Association of Costs Lawyers Council

Last year, much to my surprise (and no doubt the equal horror of many others), I was elected to the Council of the Association of Costs Lawyers.

The experience has been a fascinating and informative one, in no small part due to the fact that during this period the Council has been going through a fundamental change. Previously the ACL was a regulatory body. Now that task has been mainly transferred to the Costs Lawyer Standards Board with the ACL Council’s role now principally being that of a representative body.

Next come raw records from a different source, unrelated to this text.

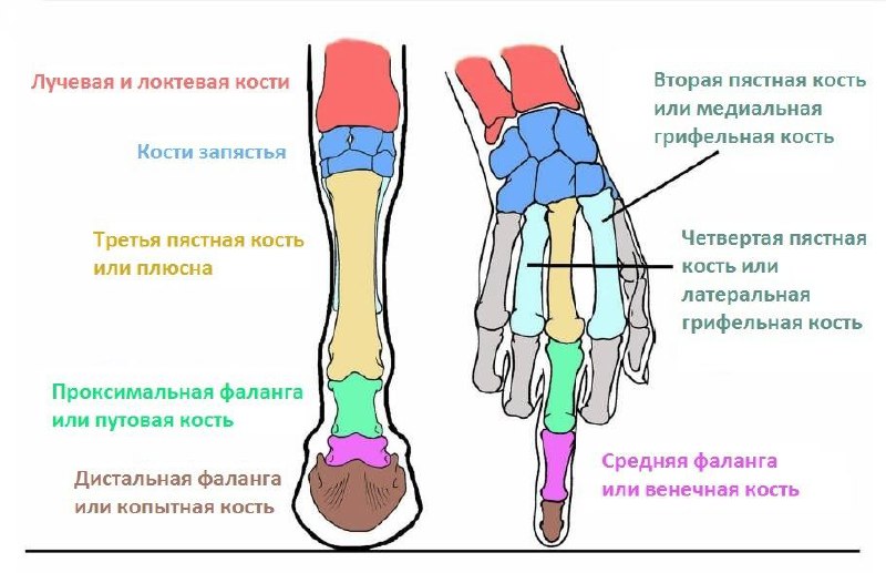 Копыто у непарнокопытных (лошади, ослики и зебры) — это средний палец. А то, что нам кажется в ноге лошади коленом, повернутым назад, это пятки.
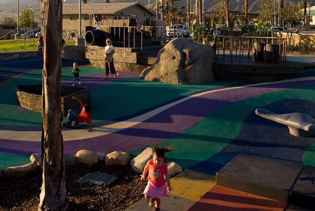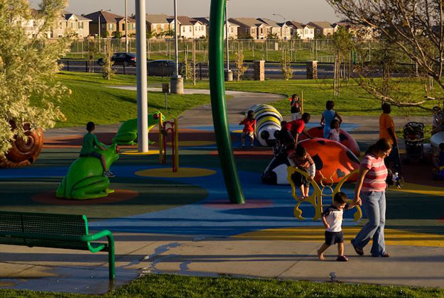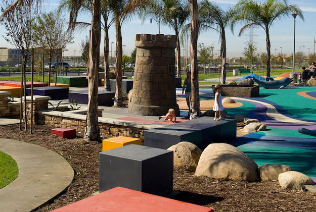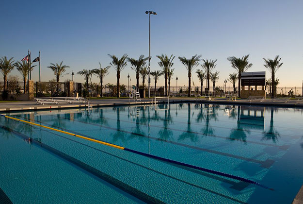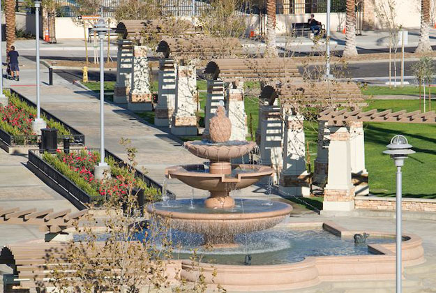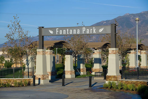 Fontana Park is a 38 acre new community park that features an open play ball field, formal and informal open space, a community center, plazas and courtyards, a skateboard park, promenade and Spanish fountain, roller hockey structure, aquatic center and experiential play zones for children of multiple ages. The features are tied together with a hierarchy of major promenades, major and minor sidewalks.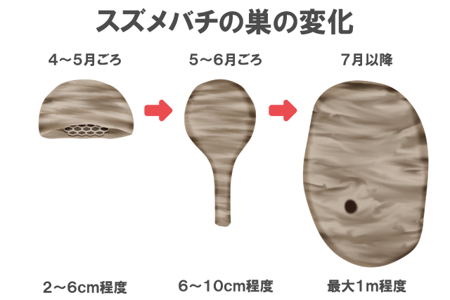 巣は春の4月ごろから作られ始め、7月ごろから急速に生長して9月ごろにもっとも大きくなります。初期の巣の大きさは5センチメートル程度です。スズメバチのなかでも最大の巣を作るキイロスズメバチの巣は、9月ごろのピーク時には直径1メートルほどに達することもあります。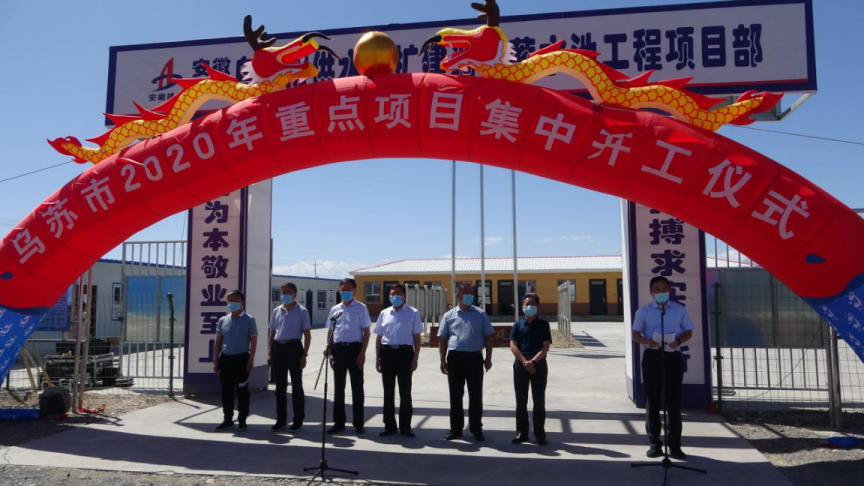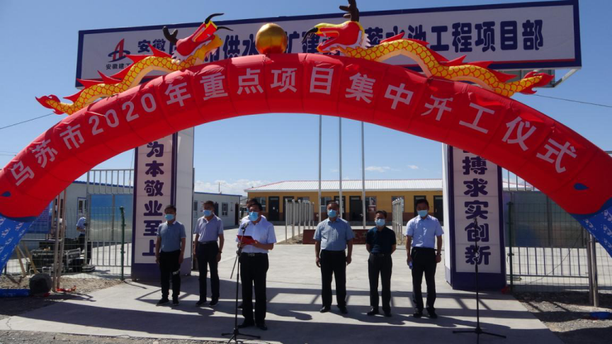 2020年5月28日,烏蘇市2020年重點項目集中開工儀式在烏蘇市供水改擴建調節蓄水池工程項目部召開。塔城地區地委委員阿依丁·托留汗,烏蘇市政協黨組書記王永安,烏蘇市委常委、常務副市長陳斌,塔城地區水利局、國土資源局等相關部門領導及項目各參建單位參加開工儀式,開工儀式由陳斌主持。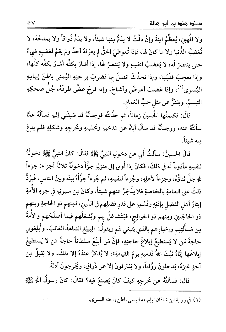 قالَ الحسينُ: سألتُ أَبي عن دخولِ النبيِّ صلى الله عليه وسلم فقالَ: كانَ النبيُّ صلى الله عليه وسلم دخولُهُ لنفسِهِ مأذوناً لَه في ذلكَ، فكانَ إذا أَوى إلى منزلِهِ جزَّأَ دخولَهُ ثلاثةَ أجزاء: جزءاً للهِ جلَّ ثناؤُهُ، وجزءاً لأهلِهِ، وجُزءاً لنفسِهِ، ثم جُزءاً جزَّأَهُ بينَه وبينَ الناسِ، فَيرُدُّ ذلكَ على العامةِ بالخاصةِ فلا يدَّخِرُ عنهم شيئاً، وكانَ مِن سيرتِهِ في جزءِ الأُمةِ إيثارُ أهلِ الفضلِ بإذنِهِ وقَسْمِهِ على قدرِ فضلِهم في الدِّينِ، فمِنهم ذو الحاجةِ ومِنهم ذو الحاجَتينِ ومِنهم ذو الحوائِجِ، فيَتَشاغلُ بِهم ويُشغلُهم فيما أصلَحَهم والأُمةَ مِن مَسأَلتِهم وإخبارِهم بالذي يَنبغي لهم ويقولُ: «لِيبلِغ الشاهدُ الغائبَ، وأَبلِغوني حاجةَ مَن لا يَستطيعُ إبلاغَ حاجتِهِ، فإنَّ مَن أبلَغَ سلطاناً حاجةَ مَن لا يَستطيعُ إبلاغَها إيَّاهُ ثبَّتَ اللهُ قَدميهِ يومَ القيامةِ»، لا يُذكرُ عندَهُ إلا ذلكَ، ولا يَقبلُ مِن أحدٍ غيرَهُ، يَدخلونَ روَّاداً، ولا يَفترقونَ إلا عن ذَواقٍ، ويَخرجونَ أدلةً.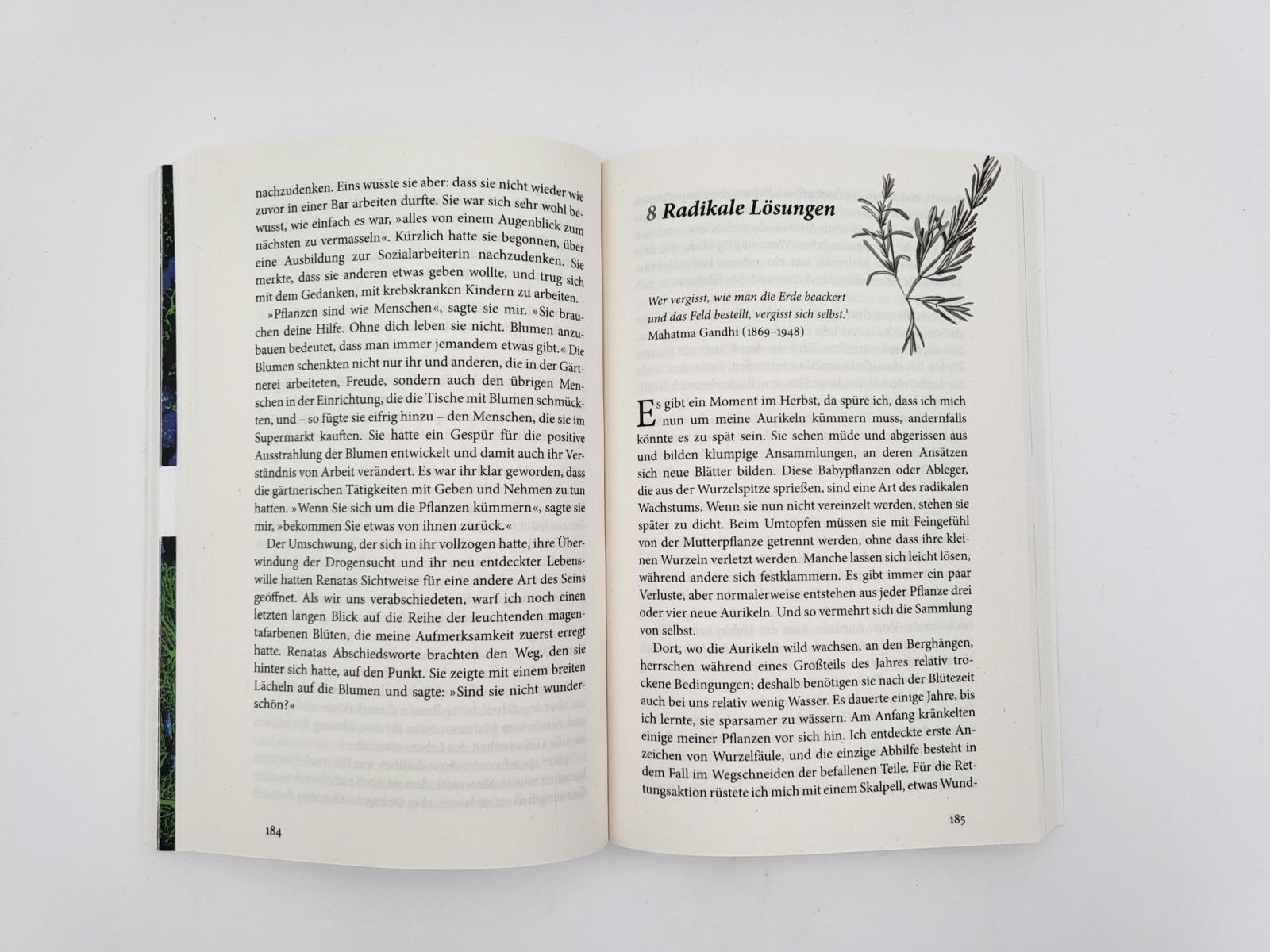 1 Die Anfänge2 Grüne Natur - menschliche Natur3 Samen und Selbstvertrauen4 Der sichere grüne Raum5 Natur in der Stadt6 Wurzeln7 Flower-Power8 Radikale Lösungen9 Krieg und Gartenarbeit10 Die letzte Lebensphase11 Gartenzeit12 Blick aus dem Krankenzimmer13 Grüne KapselDankLiteraturBildnachweisRegister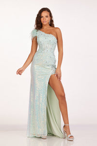 Abby Paris 90256 Feather One Shoulder Sequin Slit Gown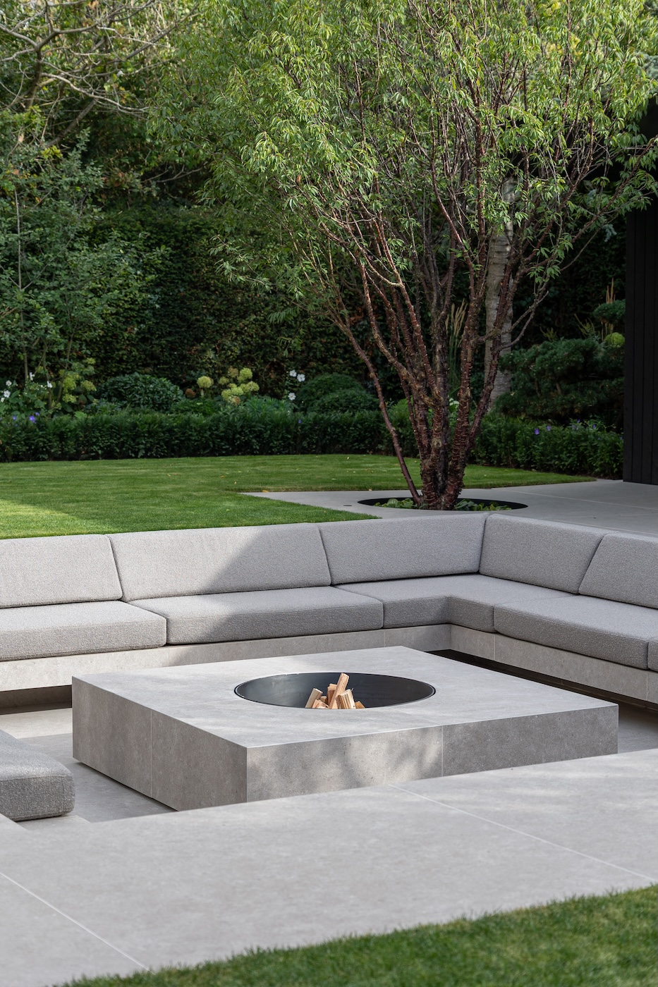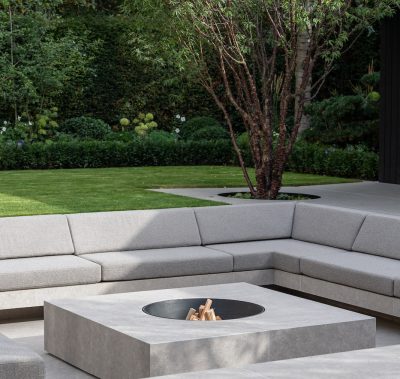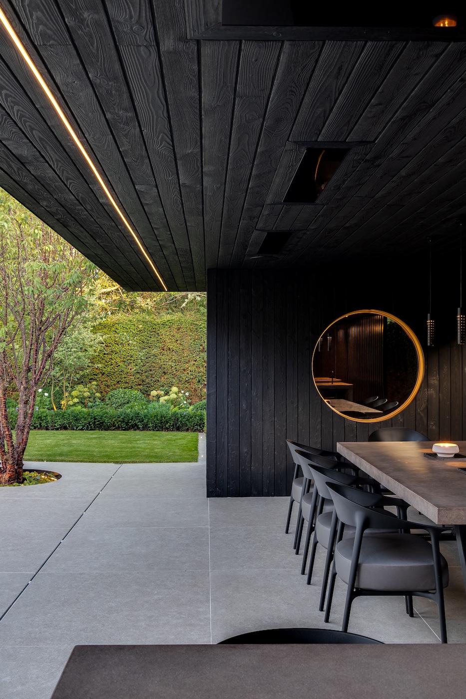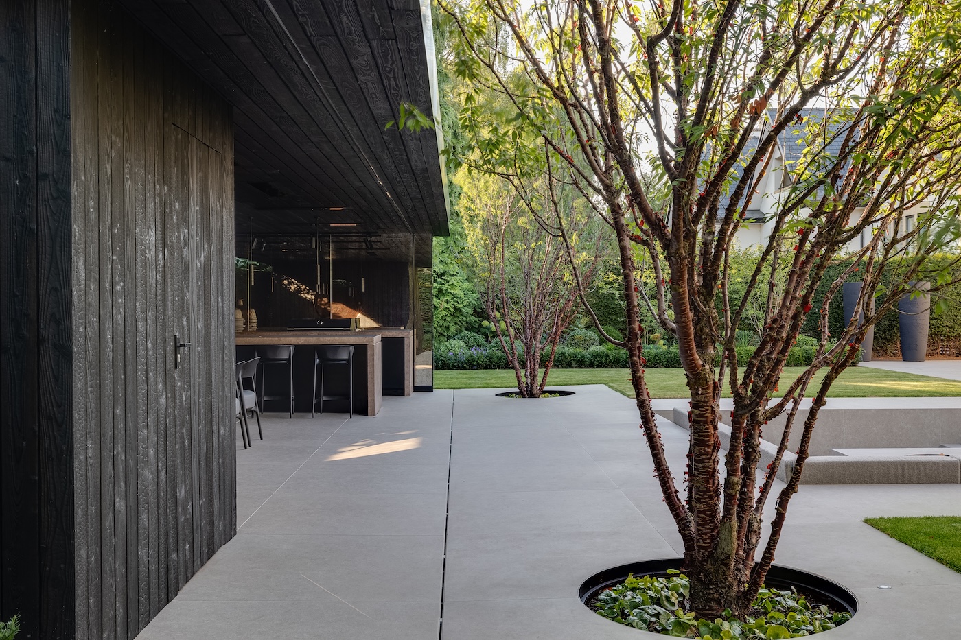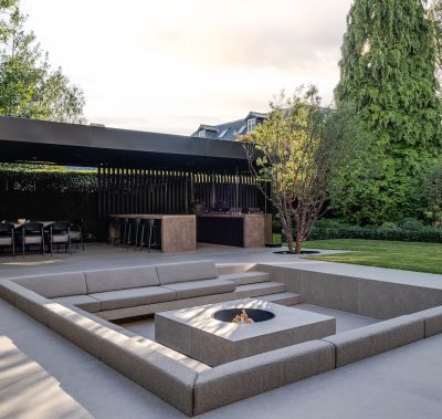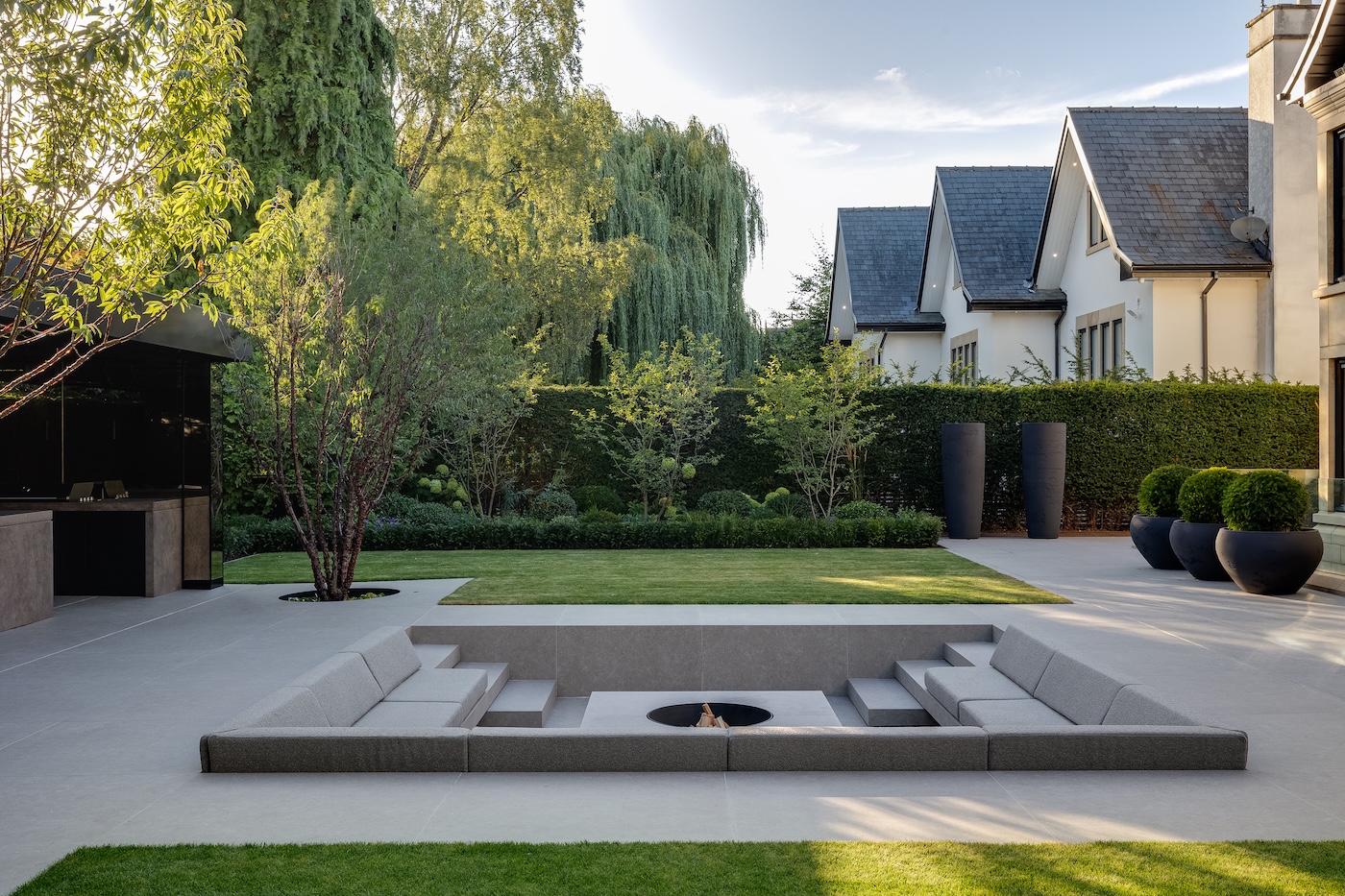 Our clients were looking for a Landscape Designer to create a garden that matched the level of elegant luxury they had achieved with the interior. The brief spoke of minimalism, clean lines and creating a wow factor. We achieved this by creating a seamless patio space which flows out through the kitchen diner bi-fold doors into a bespoke sunken seating area with cantilevered sofas and a bespoke concrete log burning fire table. Framing the garden and providing an opulent level of luxury, a stunning pavilion clad in charred timber houses an outdoor kitchen, dining and entertaining area. The patio in front of the pavilion features bespoke steel planter rings with multi stem trees to reflect a mirrored feature wall in the pavilion. Mood lighting creates a stylish and calming atmosphere with the use of variation of subtle lighting styles.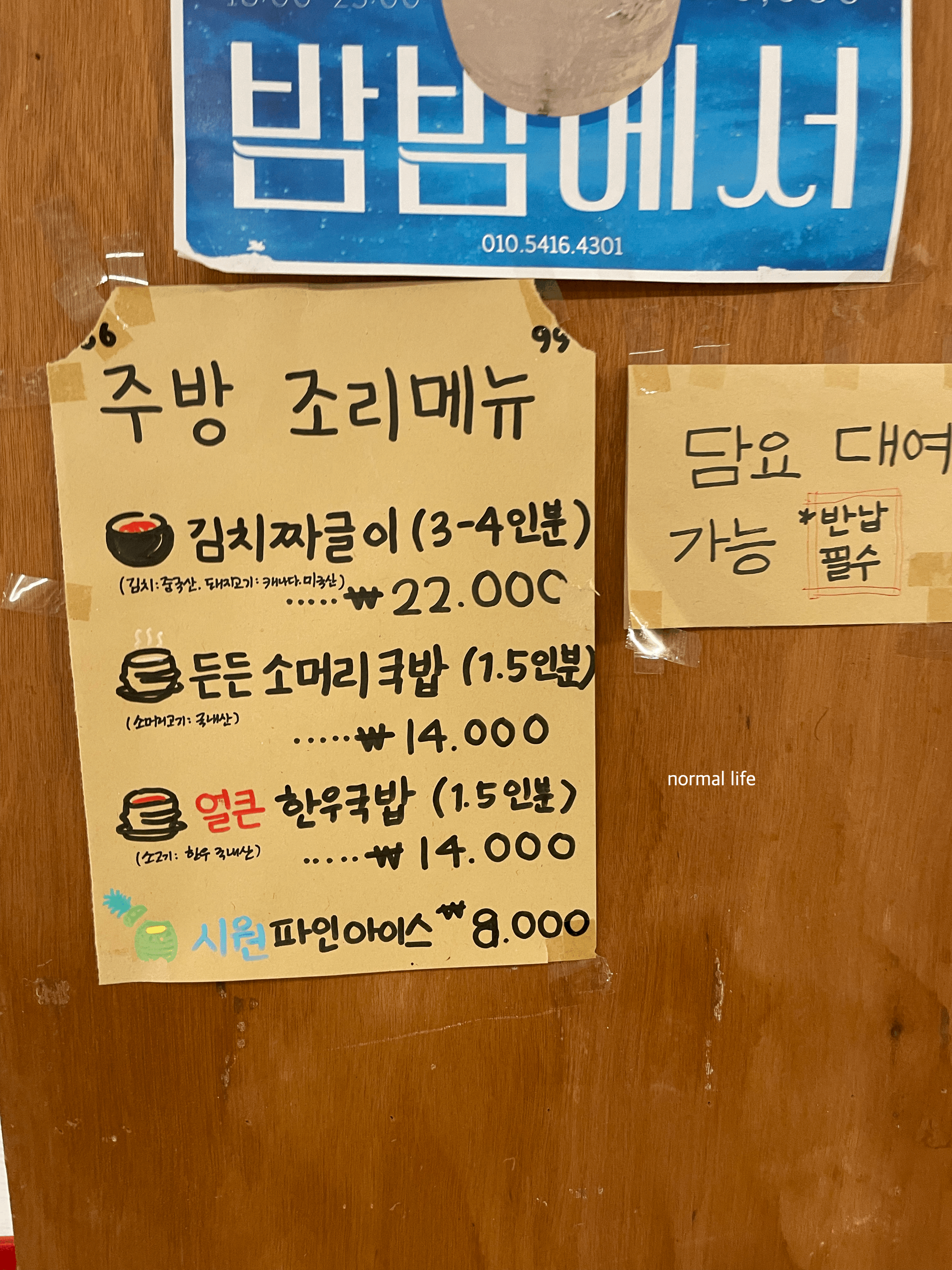 주방에서 조리해서 나오는 김치짜글이 22,000원 든든 소머리국밥 14,000원 얼큰 한우국밥 14,000원도 주문이 가능하다.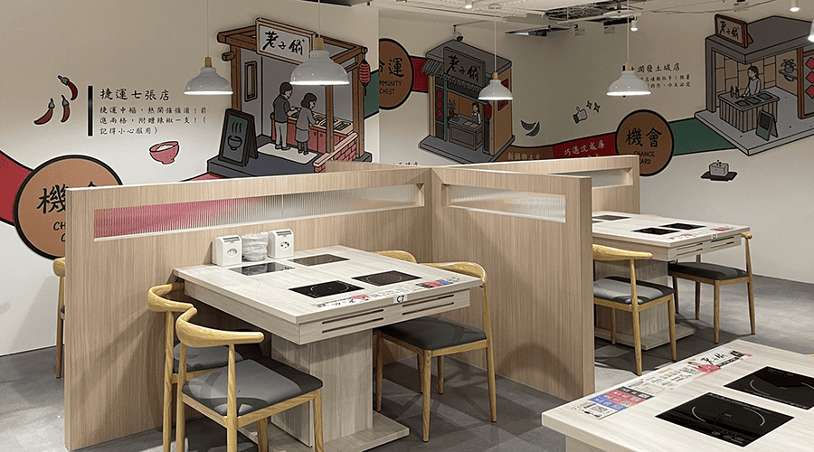 壁貼以大富翁為發想,趣味結合「機會」與「命運」元素介紹各門市;店內配置山水插畫,將樹木與船隻轉化為食材意象;柱面則呈現荖子鍋特色的「荖子製麵機」與「豪華龍蝦鍋」插畫,搭配溫潤色調,營造兼具趣味與品牌故事感的用餐環境。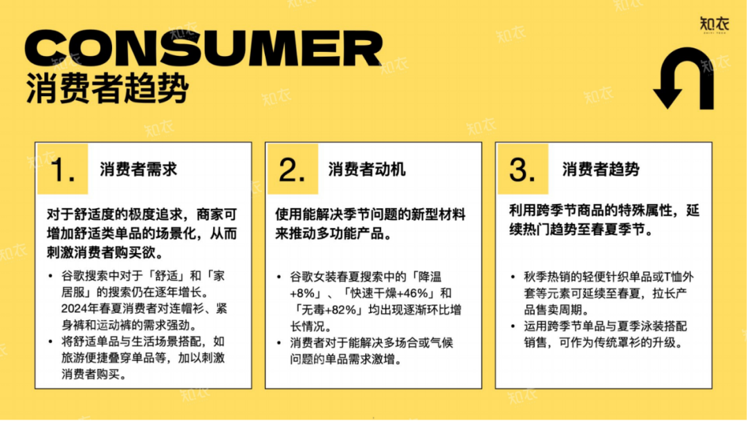 中老年人消费者对节假日购物兴趣增幅较高;旅行便携和抗皱属性着装值得推广。

These changes raise a number of interesting issues but do mean that the role of the Council is no longer the same as the Council to which I was elected. Further, as those who followed the previous election process will remember, I stood on rather a specific manifesto of reform. Having found myself elected in a minority of one on certain of those issues, it was inevitable the Council would continue in the same direction as before.

Having now served on the Council for a year I have therefore decided to stand down.

Whatever differences of opinion I may have had over certain decisions made over the past year, it has been a pleasure to work with the rest of the Council. I managed to escape very lightly, but the extraordinary amount of time and commitment that many of the other Council members have put in over the past year to ensure the smooth running of the Association and fulfil the requirements of the Legal Services Act is something of which most members will have absolutely had no idea.

In light of the new role of the ACL Council, a consultation document has been sent to ACL members proposing some very sensible changes to the structure of the Council.

Whatever, the future look of the Council, I wish it all the best for the future.

New costs QCs

Congratulations to Andrew Post and Alexander Hutton on their appointment as Queen’s Counsel.

It appears that eligibility for QC status is limited to practising barristers or practising solicitors who hold higher court rights of audience.

No scope for Costs Lawyers to apply.

Something for the Costs Lawyer Standards Board to look into?

Death by a thousand cuts

Some people are “glass half full” types.  Some people are “glass half empty” types. Some people are “who nicked my bloody glass” types.  

Forget for the moment the other Jackson proposals and what impact they may have and just look at two forthcoming changes to the Costs Practice Direction:

• An end to lengthy points of dispute
• An almost complete end to replies

Then add in Jackson’s green light to rolling out provisional assessments across the country, effectively ending detailed assessment hearings for bills under £25,000.

This is before we even start to get to the heart of the Jackson reforms.

Death by a thousand cuts for many working in legal costs?